[Opening Input section]
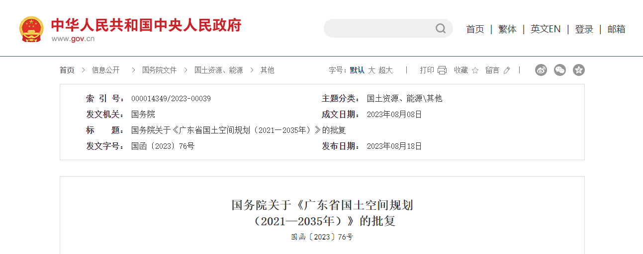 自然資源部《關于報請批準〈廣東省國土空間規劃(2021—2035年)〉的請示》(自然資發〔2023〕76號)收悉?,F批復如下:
[Closing Input section]
[Opening Input section]
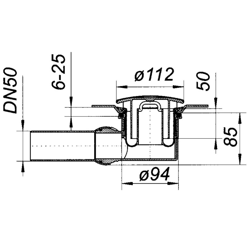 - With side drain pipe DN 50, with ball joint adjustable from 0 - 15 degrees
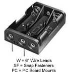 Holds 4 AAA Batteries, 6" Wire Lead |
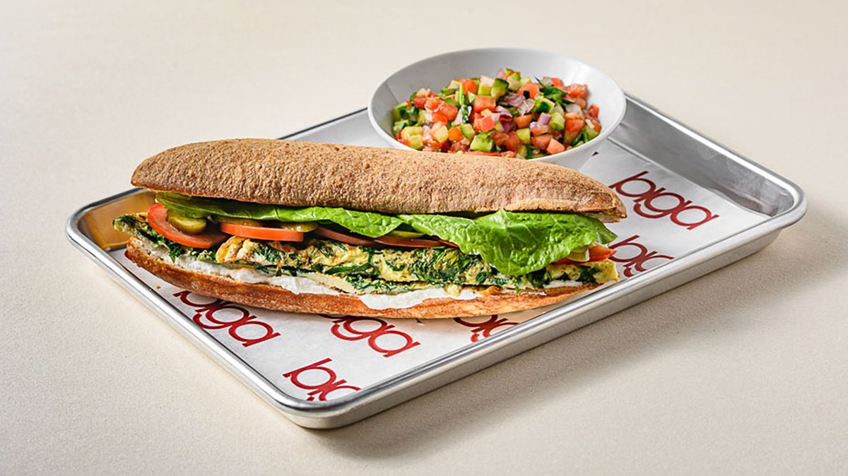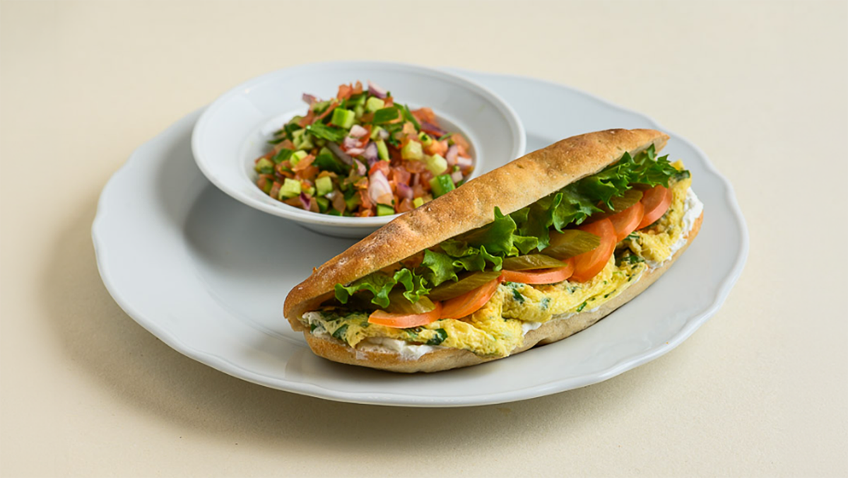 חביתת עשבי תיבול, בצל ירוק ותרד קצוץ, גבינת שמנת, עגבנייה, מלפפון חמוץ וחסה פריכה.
[Closing Input section]
[Opening Input section]
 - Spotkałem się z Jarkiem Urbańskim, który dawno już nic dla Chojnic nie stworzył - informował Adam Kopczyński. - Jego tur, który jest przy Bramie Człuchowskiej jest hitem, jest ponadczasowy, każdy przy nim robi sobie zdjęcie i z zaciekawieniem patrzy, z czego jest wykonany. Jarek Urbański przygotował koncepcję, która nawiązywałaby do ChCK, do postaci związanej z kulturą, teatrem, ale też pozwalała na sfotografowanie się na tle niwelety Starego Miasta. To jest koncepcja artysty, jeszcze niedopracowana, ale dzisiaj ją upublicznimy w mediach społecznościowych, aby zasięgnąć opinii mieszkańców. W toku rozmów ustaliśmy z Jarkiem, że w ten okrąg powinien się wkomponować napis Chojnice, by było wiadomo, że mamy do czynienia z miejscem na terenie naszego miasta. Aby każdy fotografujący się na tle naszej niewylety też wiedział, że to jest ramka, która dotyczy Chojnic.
[Closing Input section]
• What the task asks: Using the data above, retype exactly the lines from the line with "- With side" to the line with "חביתת עשבי תיבול, בצל", inclusive. No pictures and nothing else.

• Answer for this exercise:
 - With side drain pipe DN 50, with ball joint adjustable from 0 - 15 degrees
 Holds 4 AAA Batteries, 6" Wire Lead |
 חביתת עשבי תיבול, בצל ירוק ותרד קצוץ, גבינת שמנת, עגבנייה, מלפפון חמוץ וחסה פריכה.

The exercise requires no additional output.